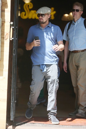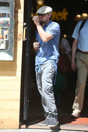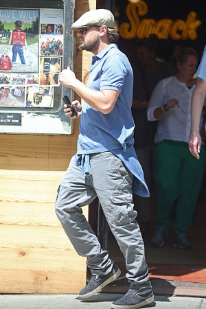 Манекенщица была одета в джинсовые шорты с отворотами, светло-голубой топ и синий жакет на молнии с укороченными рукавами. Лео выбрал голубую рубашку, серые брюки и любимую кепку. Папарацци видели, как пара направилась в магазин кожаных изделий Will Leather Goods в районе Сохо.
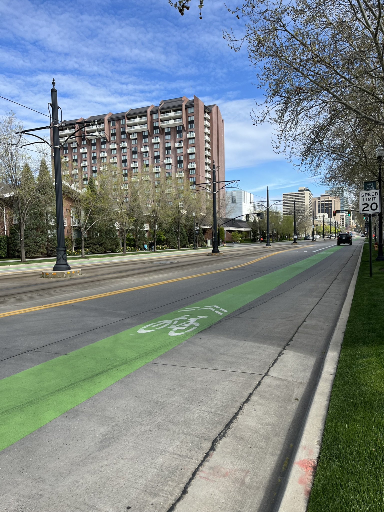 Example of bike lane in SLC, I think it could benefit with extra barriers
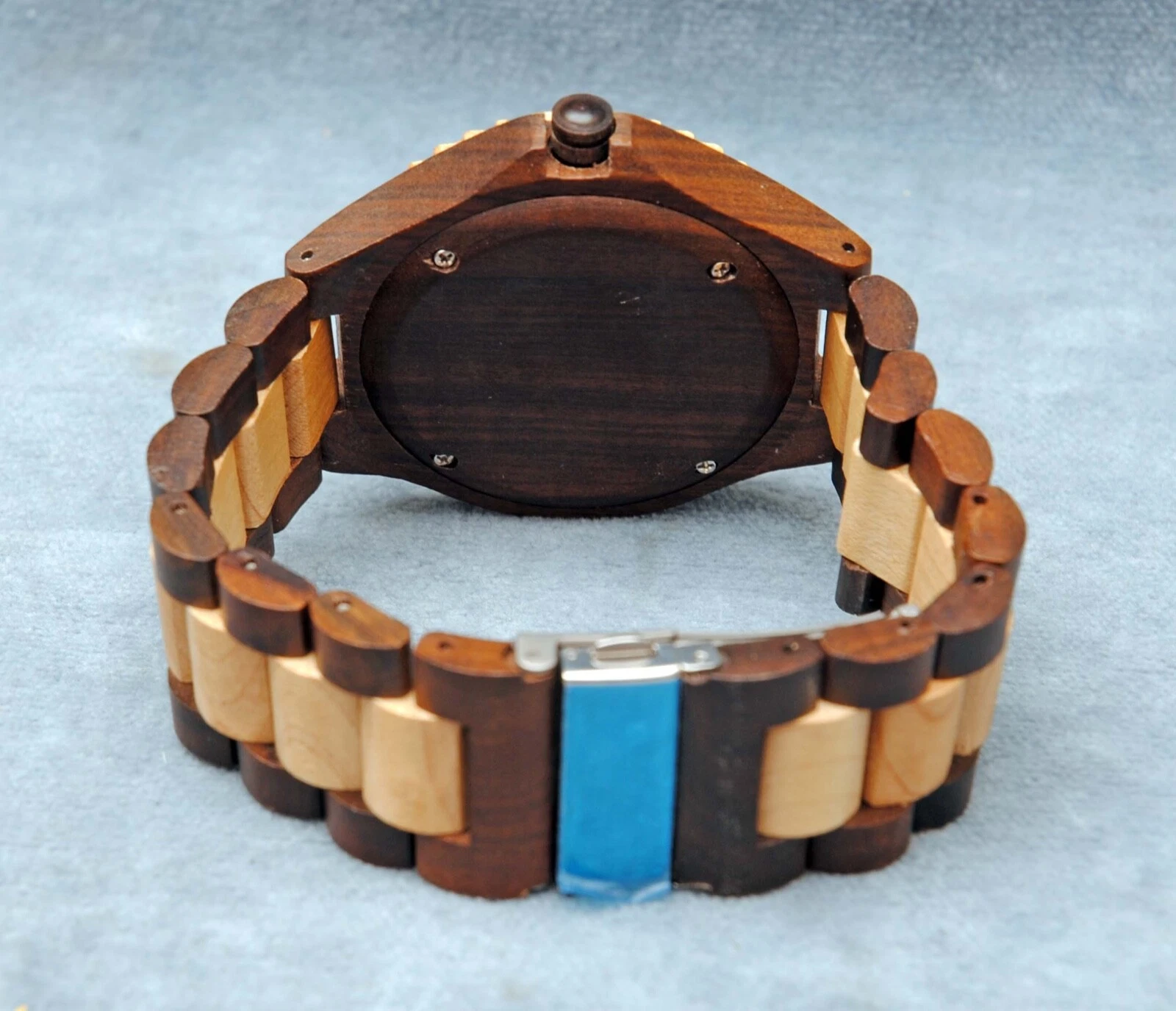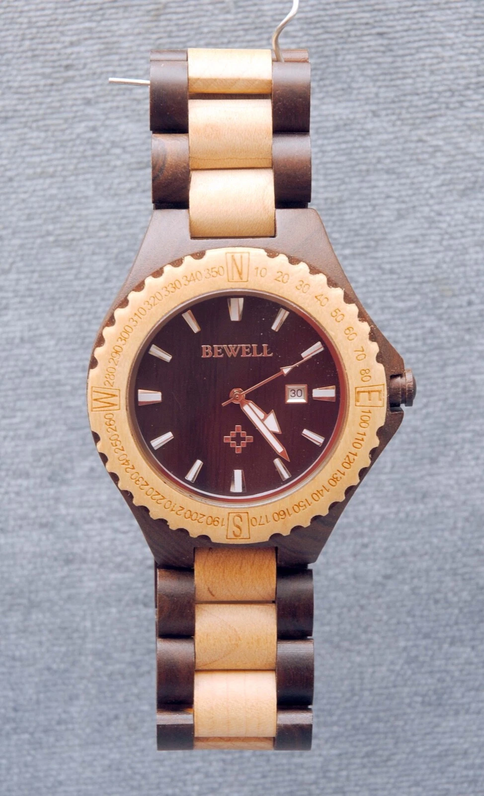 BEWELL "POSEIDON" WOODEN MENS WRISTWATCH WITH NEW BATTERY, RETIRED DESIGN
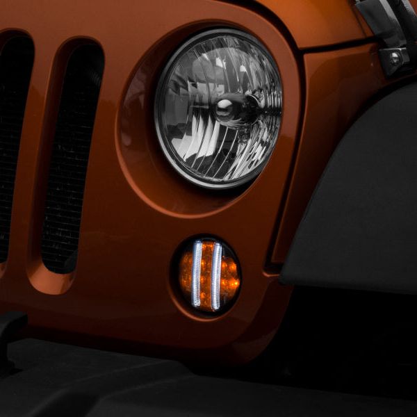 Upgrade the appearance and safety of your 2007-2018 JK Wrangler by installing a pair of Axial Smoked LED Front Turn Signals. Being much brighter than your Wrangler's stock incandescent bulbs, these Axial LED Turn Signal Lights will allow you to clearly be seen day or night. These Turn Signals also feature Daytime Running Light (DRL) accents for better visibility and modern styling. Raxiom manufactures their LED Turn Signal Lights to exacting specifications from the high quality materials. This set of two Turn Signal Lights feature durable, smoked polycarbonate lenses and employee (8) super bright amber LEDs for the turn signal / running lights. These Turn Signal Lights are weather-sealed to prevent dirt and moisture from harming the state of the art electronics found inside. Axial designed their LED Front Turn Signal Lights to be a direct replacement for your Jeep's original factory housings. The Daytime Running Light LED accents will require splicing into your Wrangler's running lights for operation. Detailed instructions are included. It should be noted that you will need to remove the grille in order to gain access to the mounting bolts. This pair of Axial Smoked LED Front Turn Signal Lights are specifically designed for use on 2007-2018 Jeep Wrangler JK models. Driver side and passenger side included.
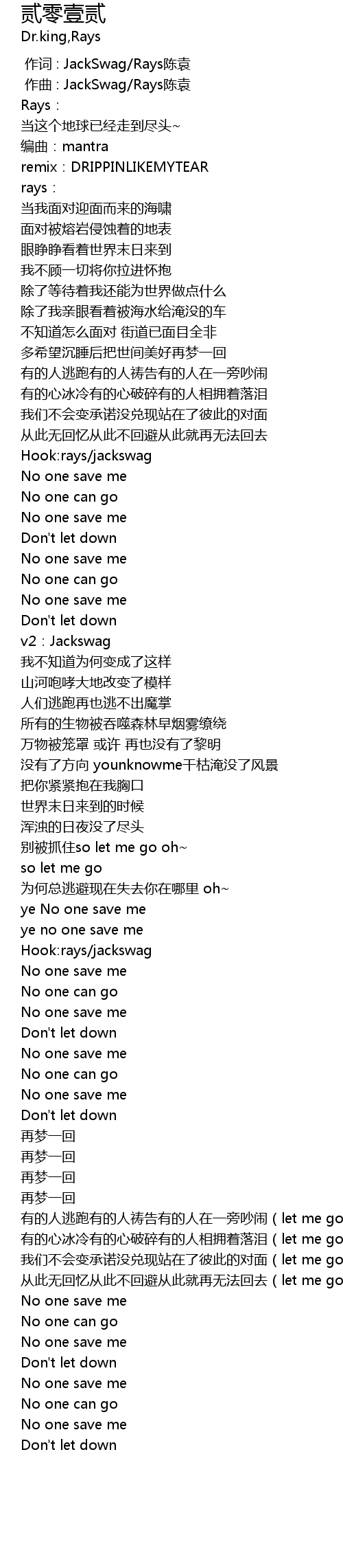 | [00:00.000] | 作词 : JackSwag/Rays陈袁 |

§ **THE PROBLEM**
Reproduce all of the data exactly; the pictures do not belong in the copy.

§ **ANSWER TO THE PROBLEM**
 Манекенщица была одета в джинсовые шорты с отворотами, светло-голубой топ и синий жакет на молнии с укороченными рукавами. Лео выбрал голубую рубашку, серые брюки и любимую кепку. Папарацци видели, как пара направилась в магазин кожаных изделий Will Leather Goods в районе Сохо.
 Example of bike lane in SLC, I think it could benefit with extra barriers
 BEWELL "POSEIDON" WOODEN MENS WRISTWATCH WITH NEW BATTERY, RETIRED DESIGN
 Upgrade the appearance and safety of your 2007-2018 JK Wrangler by installing a pair of Axial Smoked LED Front Turn Signals. Being much brighter than your Wrangler's stock incandescent bulbs, these Axial LED Turn Signal Lights will allow you to clearly be seen day or night. These Turn Signals also feature Daytime Running Light (DRL) accents for better visibility and modern styling. Raxiom manufactures their LED Turn Signal Lights to exacting specifications from the high quality materials. This set of two Turn Signal Lights feature durable, smoked polycarbonate lenses and employee (8) super bright amber LEDs for the turn signal / running lights. These Turn Signal Lights are weather-sealed to prevent dirt and moisture from harming the state of the art electronics found inside. Axial designed their LED Front Turn Signal Lights to be a direct replacement for your Jeep's original factory housings. The Daytime Running Light LED accents will require splicing into your Wrangler's running lights for operation. Detailed instructions are included. It should be noted that you will need to remove the grille in order to gain access to the mounting bolts. This pair of Axial Smoked LED Front Turn Signal Lights are specifically designed for use on 2007-2018 Jeep Wrangler JK models. Driver side and passenger side included.
 | [00:00.000] | 作词 : JackSwag/Rays陈袁 |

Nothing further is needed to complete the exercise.